The rush I felt skipping my way home, the breeze flowing through my hair.. there is nothing like it. There are so many things about being a child that simply have no analogue as an adult. Skipping carelessly down the middle of the street, climbing trees with no fear of falling, having no worries greater than what mom is making for dinner.
I long for those days. I miss the sparkle. I miss the sparkle and the freedom I didn't even realize I had. But now it's gone.
Is there a way to find sparkle once you grow up? Is that what growing up is? Losing sparkle?
I miss the sparkle.
Wow. A masterclass in how to capture emotion in a six minute crystal. It sums up so compleatly how I have been feeling lately. Thank you for writing it, and good luck with the novel.
When I lived in New York I admired how casually my roommate approached beer. If he wanted one with dinner, he had one. Or with breakfast.
But when I finally reached the same point living in Korea, putting leftover beers into the fridge, I realized, if this is adulthood, two beers in the fridge is a small consolation.

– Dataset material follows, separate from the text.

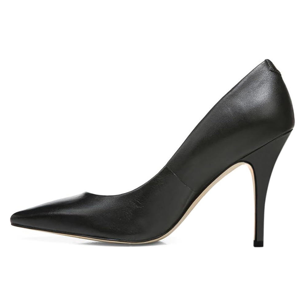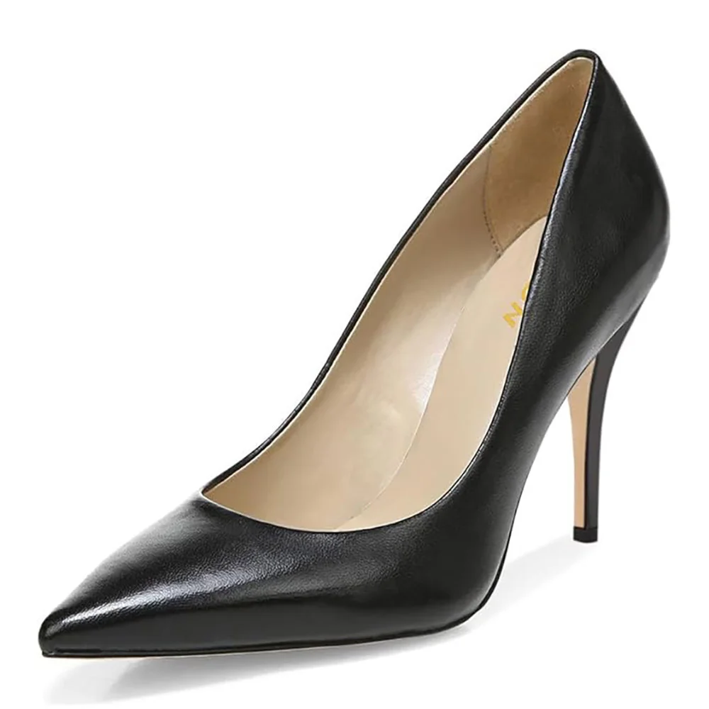 Black Vegan Leather Pointed Toe Stiletto Heel Pumps for Women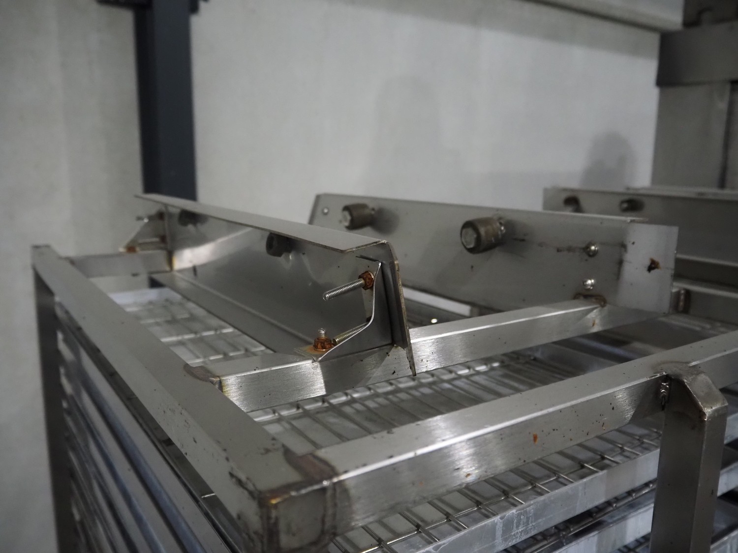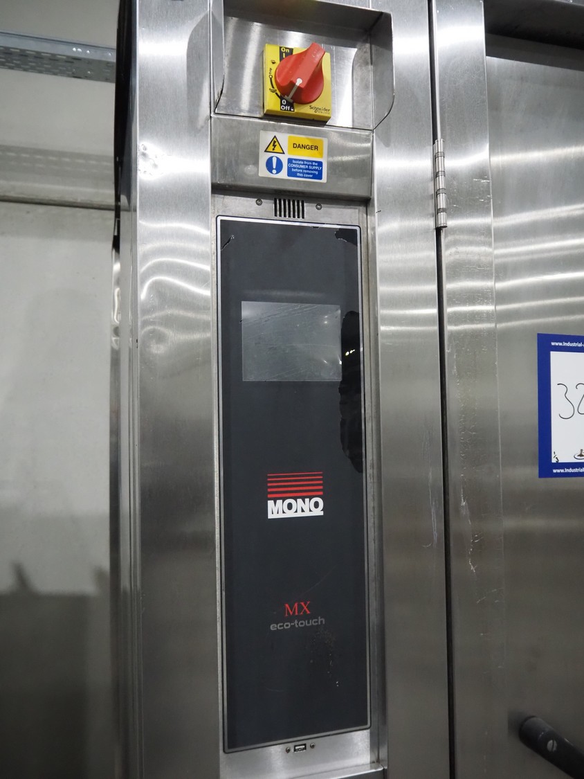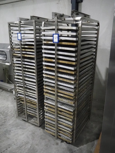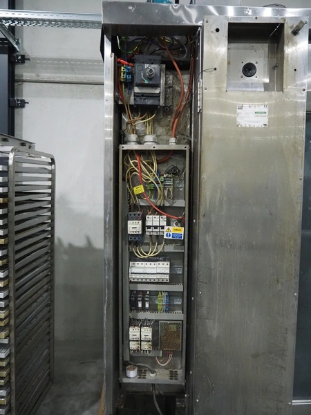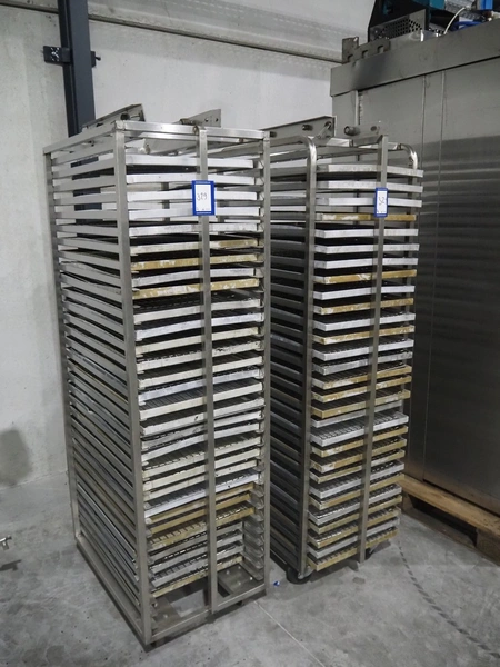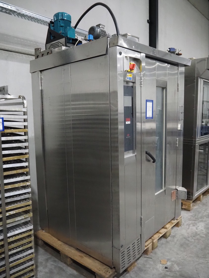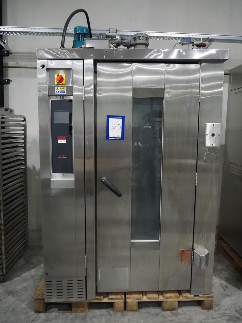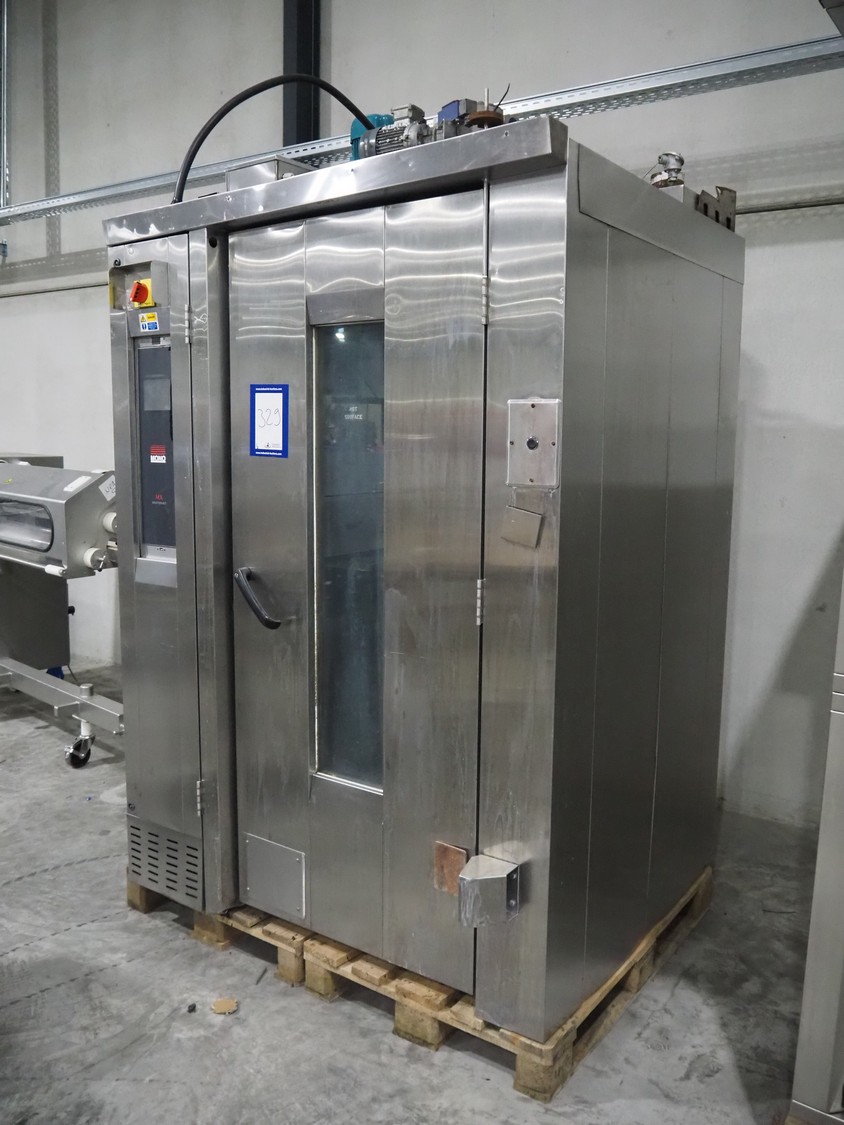 Mono rotary oven with 2 trolleys, inside dimensions: 950 mm x 950 mm x 1950 mm, total dimensions: 1500 mm x 1350 mm x 2600 mm. 2 s/s trolleys, 32 floors, floor dimensions: (32x) 760 mm x 460 mm, total dimensions: (2x) 770 mm x 530 mm x 1830 mm.

You've captured that same emotion with your story. Sad, but well done. :) And welcome to Six Minute Story. We're glad you're here.
Thanks :)
I actually wound up here because my friend and I have self-imposed weekly microfiction (≤150 word stories) deadlines, and I was drawing a blank. Google led me your way. I like the idea though, so I may stick around.
Thanks :)
I hope you do return again, to write again. Do you post your writing challenges anywhere? I'd love to read them. (And your friend's as well.)
The recent stuff hasn't been posted, no, but I do post some of my writing on scribophile.com and writing.com (same screen name). Also, I've just started work on my first novel. I have a lot of flash and micro fiction lying around though that I haven't gotten much feedback on (including the most recent stuff).